TERMS OF ISSUE OF SHARES IN LIEU OF DIRECTORS FEES

All Executive and Non ‐ Executive Directors of the Company shall be entitled during the term of the Directors Fee Plan (“ Plan ”) to elect by notice in writing to the Company (“ Election Notice ”) to be paid up to 40% of the remuneration due and owing to them by the Company from time to time as fees for services (“ Outstanding Remuneration ”) by way of an issue of fully paid ordinary shares (“ Plan Shares ”).

‐ An Election Notice may be given by an Executive and/or Non Executive Director (“ Participating Director ”) within 7 days after the Annual General Meeting, including the following:

  • The amount of any Outstanding Remuneration that a Participating Director wishes to be paid by way of Plan Shares under the Plan for the following 12 months; and

  • Whether the Participating Director wishes to have the Plan Shares issued in his or her own name or in the name of a nominee (“ Recipient ”).

An Election Notice may be given to the Company in any manner permitted under the Constitution for service by the Company of notices.

Upon receipt of an Election Notice, Plan Shares may be issued to each Participating Director who elects to be issued Plan Shares in lieu of any Outstanding Remuneration.

The obligation of the Company to issue any Plan Shares is subject to obtainment of any approvals which may be required under:

  • the Listing Rules; and

  • the Corporations Act 2001 (Cth).

The issue price of each Plan Share will be the 5 Day VWAP for Shares as at the business day prior to date of the Annual General Meeting and any fractional entitlement to be issued Plan Shares shall be rounded up to the nearest whole number. If, however, the Plan Shares are being issued at the same time, and as part of a capital raising involving existing shareholders or third parties, the Plan Shares shall be issued at the same price as the shares issued to those other parties.

The Company shall:

  • issue the Plan Shares to a Recipient in two separate tranches within 12 months of receipt of an Election Notice;

  • forthwith deliver a statement of holding to the Recipient in respect of the Plan Shares; and

  • cause the Plan Shares to be listed on ASX as soon as reasonably practicable at the Company’s cost and expense.

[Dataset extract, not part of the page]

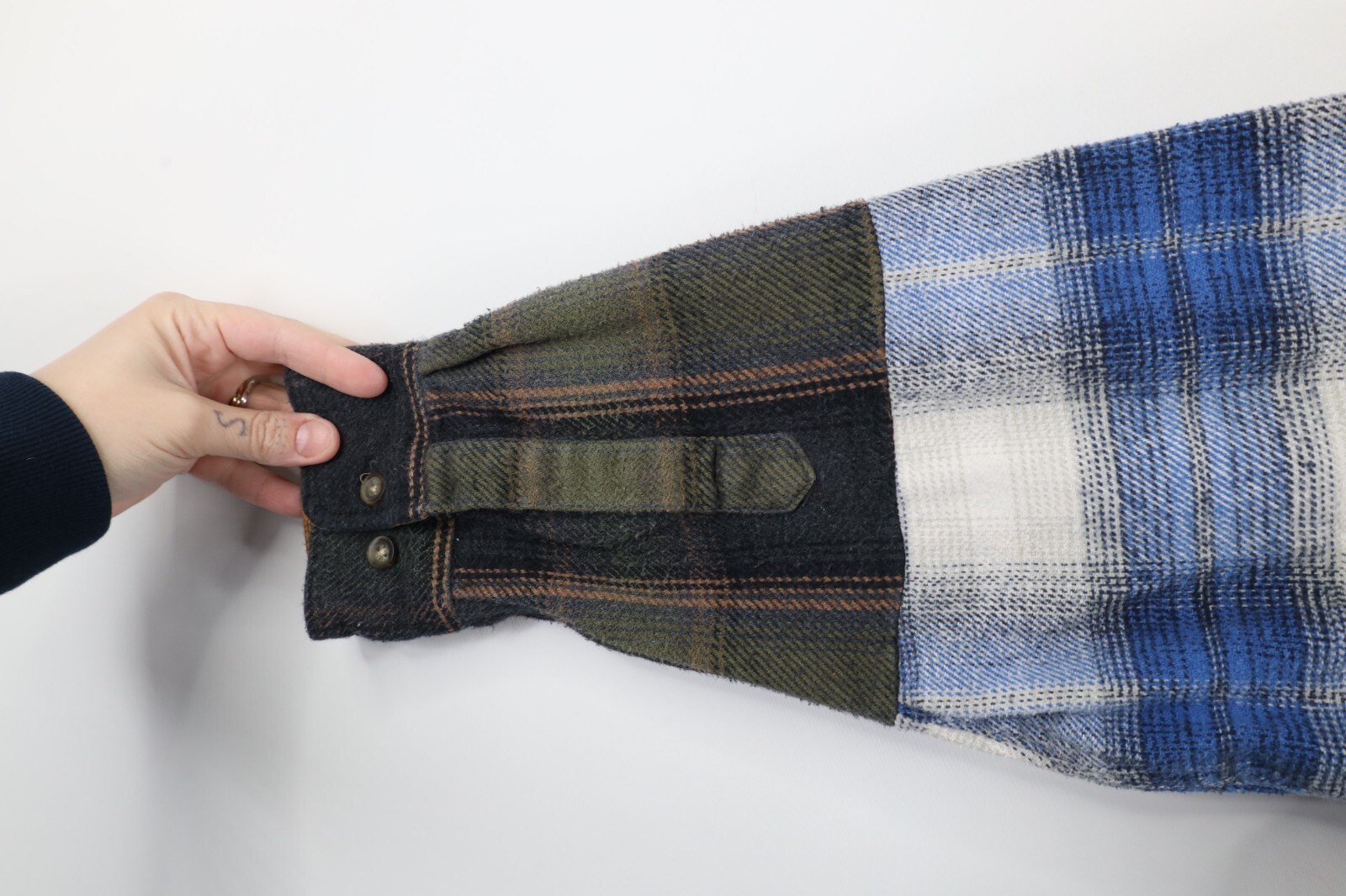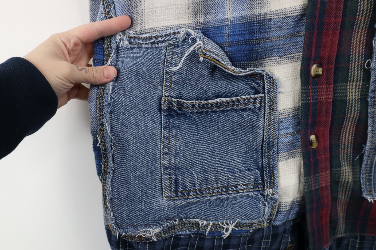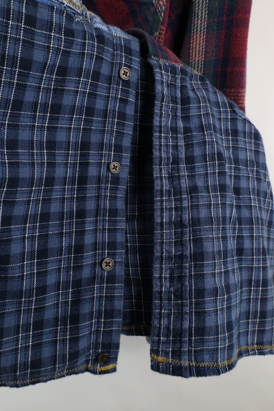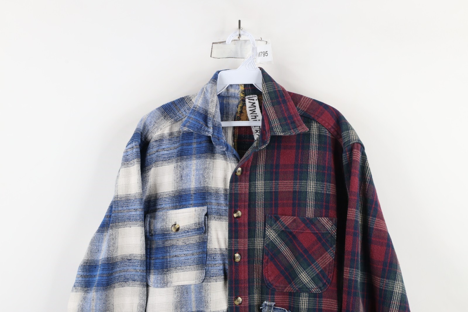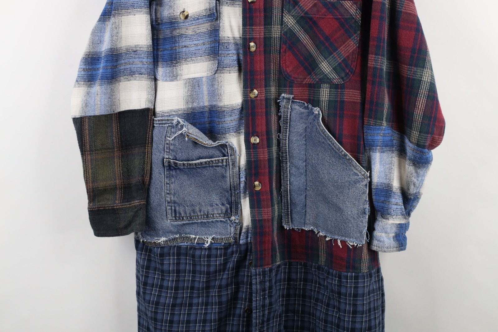 Multiple shirts sewn together. Pockets distressed, frayed/loose threads. Color faded. Pilling. Buttons do not line up toward bottom. Home-made tag inner collar

Unless otherwise approved by shareholders of the Company, the maximum number of Plan Shares which may be issued by the Company in each 12 months during the term of the Plan shall be 400,000 Plan Shares.

For the purposes of interpretation of this Plan:

Constitution means the Constitution of the Company;

Listing Rules means the Listing Rules of ASX Limited;

Shares means fully paid ordinary shares in the Company; and

Terms used herein shall have the meanings ascribed to them in the Listing Rules.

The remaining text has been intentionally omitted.